◆ Data excerpts:
========================================================================

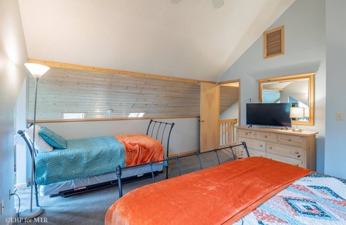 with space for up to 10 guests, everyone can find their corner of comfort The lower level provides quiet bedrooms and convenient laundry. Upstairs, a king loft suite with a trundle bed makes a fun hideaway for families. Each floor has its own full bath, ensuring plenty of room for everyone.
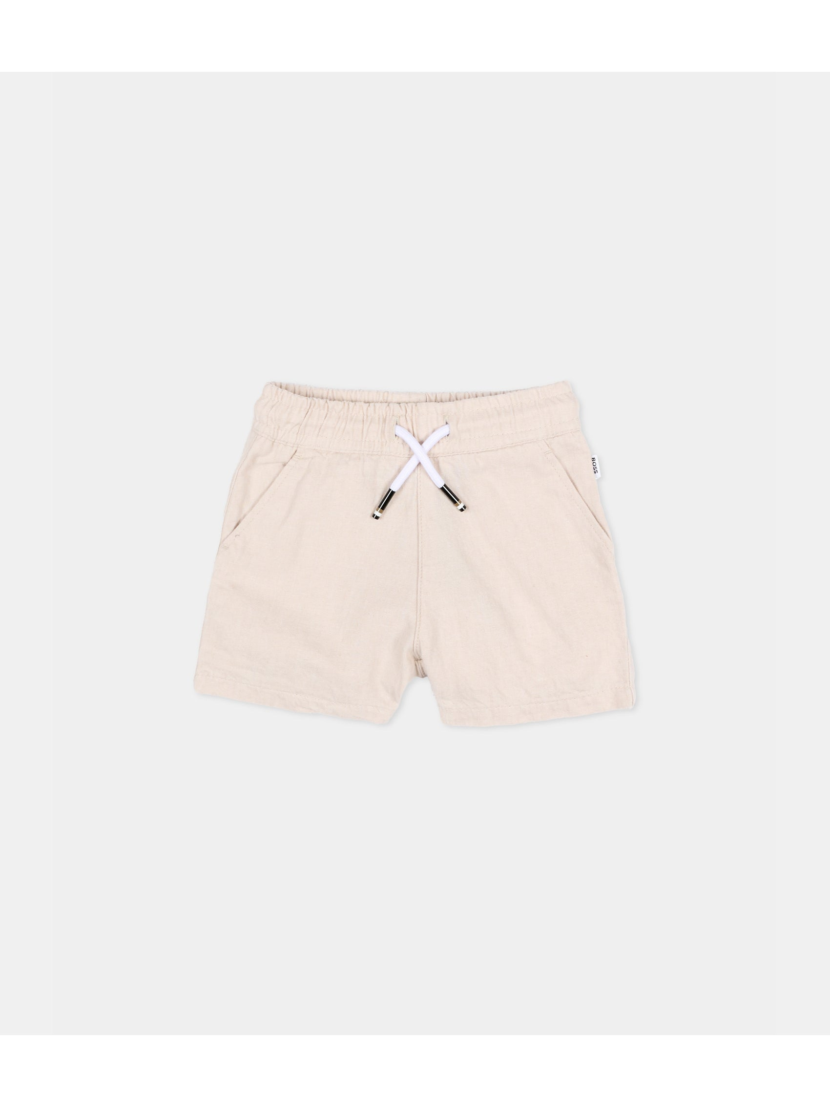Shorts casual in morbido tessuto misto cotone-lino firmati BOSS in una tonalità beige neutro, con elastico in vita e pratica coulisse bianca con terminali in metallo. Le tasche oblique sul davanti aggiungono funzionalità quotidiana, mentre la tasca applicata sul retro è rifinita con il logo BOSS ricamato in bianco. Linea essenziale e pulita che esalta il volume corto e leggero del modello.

========================================================================

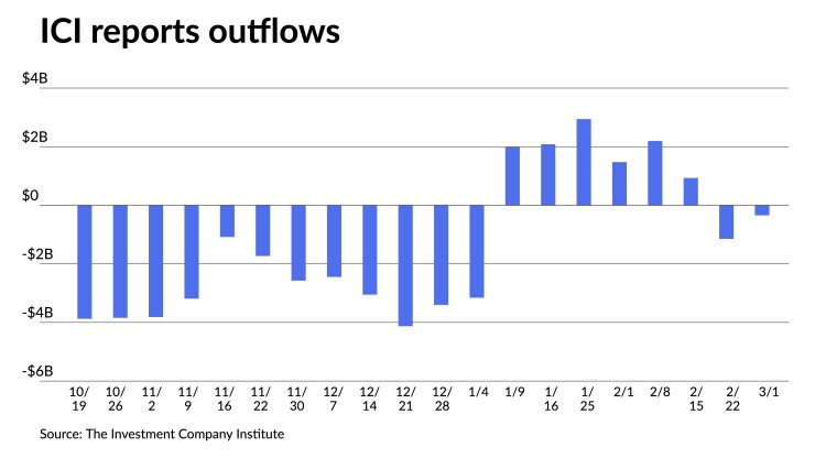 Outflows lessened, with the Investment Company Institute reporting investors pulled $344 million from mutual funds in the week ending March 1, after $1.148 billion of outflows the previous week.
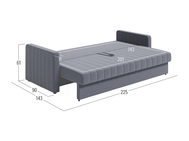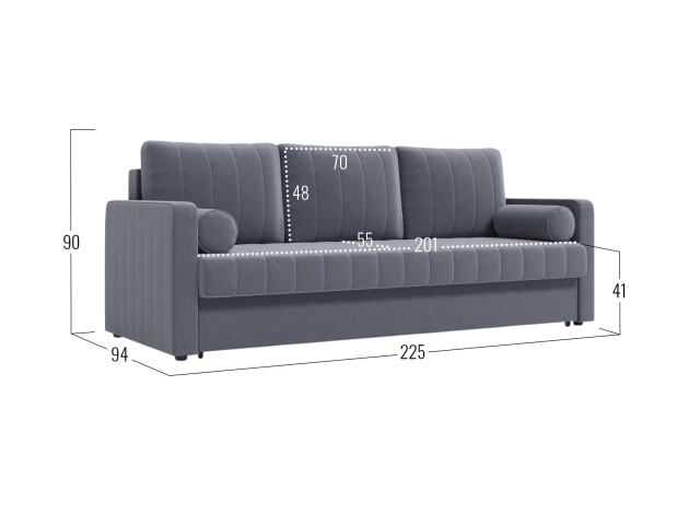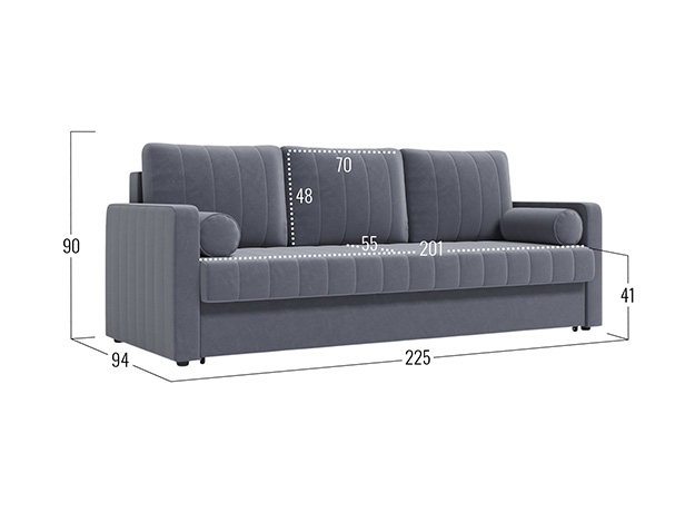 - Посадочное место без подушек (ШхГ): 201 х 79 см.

========================================================================

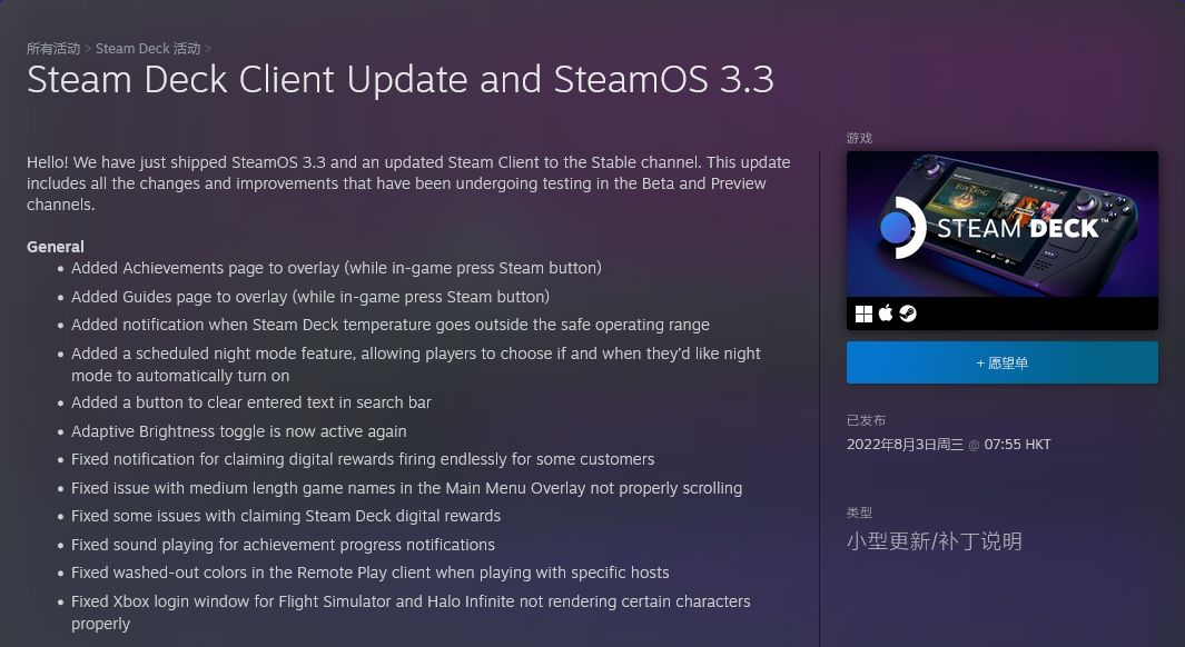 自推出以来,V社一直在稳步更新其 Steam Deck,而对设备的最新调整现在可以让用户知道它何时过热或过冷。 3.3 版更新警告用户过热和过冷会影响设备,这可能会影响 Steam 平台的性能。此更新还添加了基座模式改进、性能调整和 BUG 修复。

========================================================================

In the data above, take the line with "Outflows lessened, with", the line with "- Посадочное место", and every line between, and set them down exactly without pictures.

◆ Response box:
 Outflows lessened, with the Investment Company Institute reporting investors pulled $344 million from mutual funds in the week ending March 1, after $1.148 billion of outflows the previous week.
 - Посадочное место без подушек (ШхГ): 201 х 79 см.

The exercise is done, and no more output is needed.